-- Raw data follows --
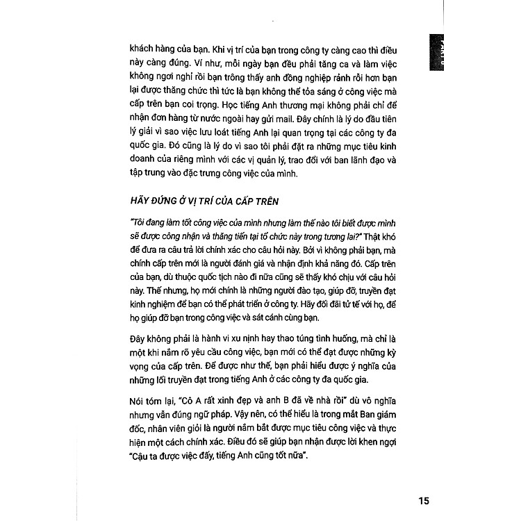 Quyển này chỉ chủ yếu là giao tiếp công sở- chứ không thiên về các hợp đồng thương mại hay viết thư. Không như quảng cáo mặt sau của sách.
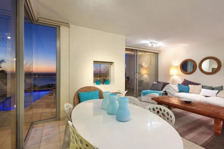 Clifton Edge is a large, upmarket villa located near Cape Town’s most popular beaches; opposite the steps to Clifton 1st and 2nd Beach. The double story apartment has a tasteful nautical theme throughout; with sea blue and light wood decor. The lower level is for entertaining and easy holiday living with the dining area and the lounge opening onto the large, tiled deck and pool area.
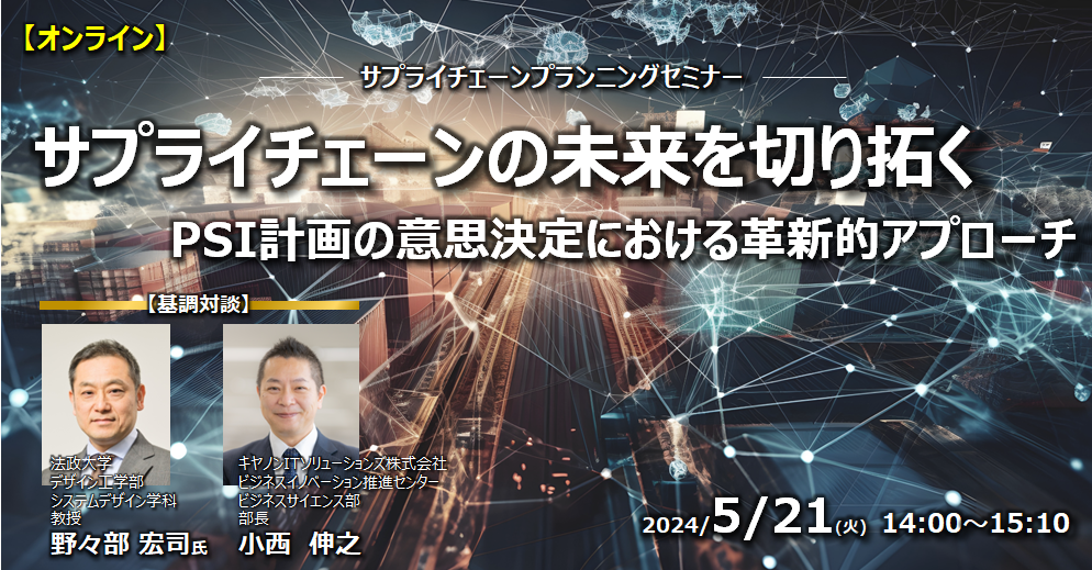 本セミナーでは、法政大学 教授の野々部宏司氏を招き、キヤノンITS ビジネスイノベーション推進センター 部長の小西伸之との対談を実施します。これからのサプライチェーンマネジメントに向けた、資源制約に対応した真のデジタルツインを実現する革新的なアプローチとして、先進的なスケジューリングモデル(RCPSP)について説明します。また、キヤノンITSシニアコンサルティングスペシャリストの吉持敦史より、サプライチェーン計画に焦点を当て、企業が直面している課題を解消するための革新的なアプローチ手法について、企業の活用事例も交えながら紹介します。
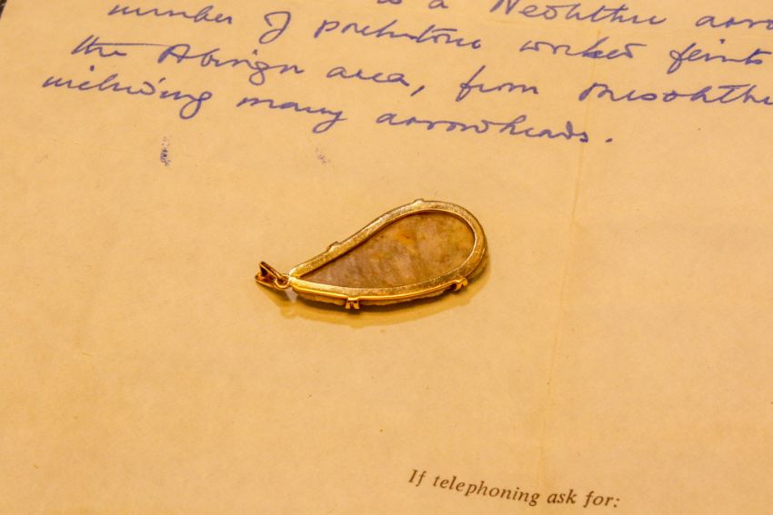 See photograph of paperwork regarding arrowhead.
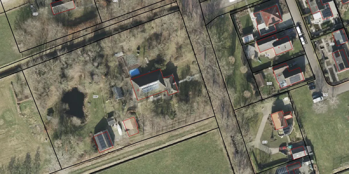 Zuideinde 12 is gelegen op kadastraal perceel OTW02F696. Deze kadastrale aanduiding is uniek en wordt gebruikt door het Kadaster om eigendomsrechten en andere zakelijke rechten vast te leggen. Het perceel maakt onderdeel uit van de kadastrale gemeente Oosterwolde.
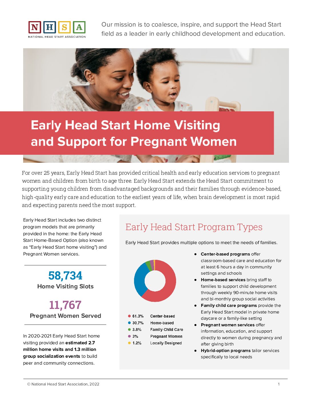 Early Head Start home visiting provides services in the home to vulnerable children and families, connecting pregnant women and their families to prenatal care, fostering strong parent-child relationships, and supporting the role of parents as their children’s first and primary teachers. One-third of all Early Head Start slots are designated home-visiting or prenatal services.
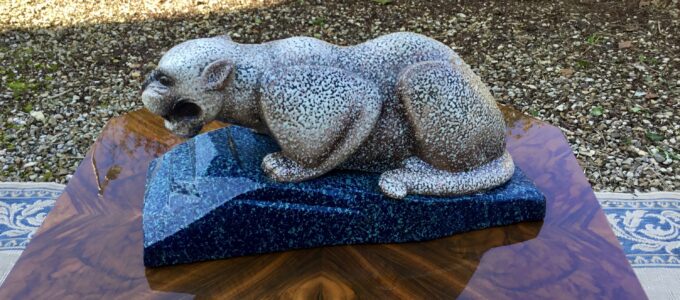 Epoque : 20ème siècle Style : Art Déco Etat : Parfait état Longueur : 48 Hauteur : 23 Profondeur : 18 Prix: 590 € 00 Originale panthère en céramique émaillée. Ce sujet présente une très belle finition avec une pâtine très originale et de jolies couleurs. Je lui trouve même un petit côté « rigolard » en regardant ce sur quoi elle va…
-- Raw data concluded --
-- Raw data follows --
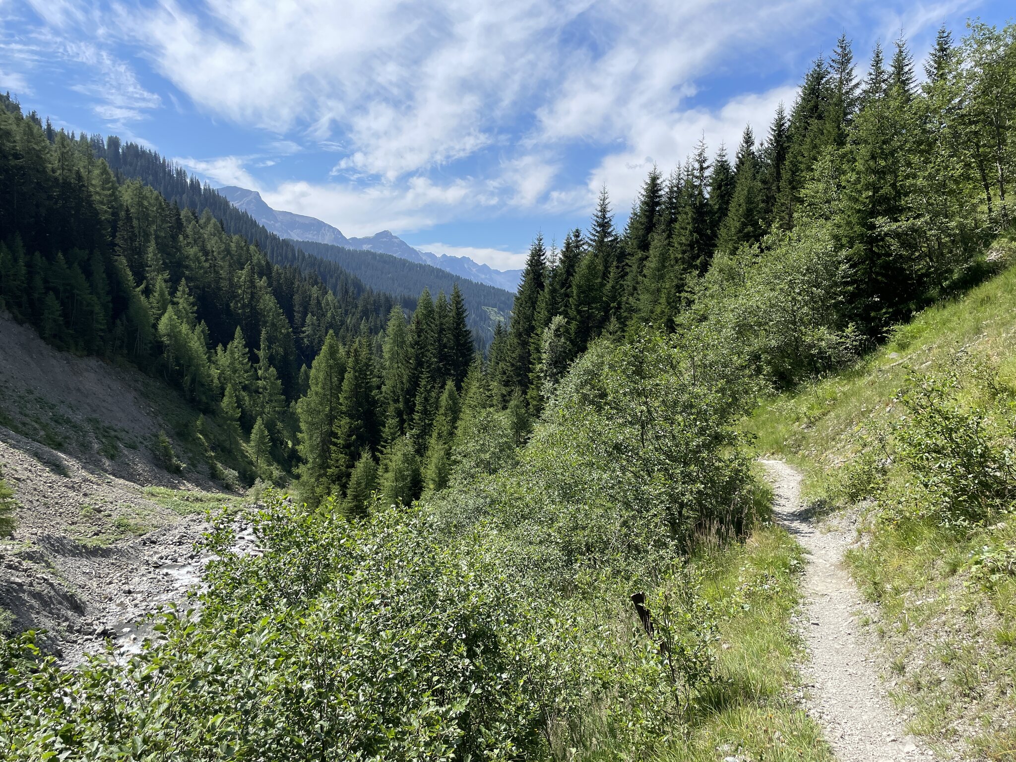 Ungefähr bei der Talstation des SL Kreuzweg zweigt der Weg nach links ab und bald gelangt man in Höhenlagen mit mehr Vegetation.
-- Raw data concluded --
- [Action item]: Return only the part above that opens with the line containing "Quyển này chỉ" and closes with the line containing "Clifton Edge is", exactly and with both ends, skipping the pictures.

- [Response]:
 Quyển này chỉ chủ yếu là giao tiếp công sở- chứ không thiên về các hợp đồng thương mại hay viết thư. Không như quảng cáo mặt sau của sách.
 Clifton Edge is a large, upmarket villa located near Cape Town’s most popular beaches; opposite the steps to Clifton 1st and 2nd Beach. The double story apartment has a tasteful nautical theme throughout; with sea blue and light wood decor. The lower level is for entertaining and easy holiday living with the dining area and the lounge opening onto the large, tiled deck and pool area.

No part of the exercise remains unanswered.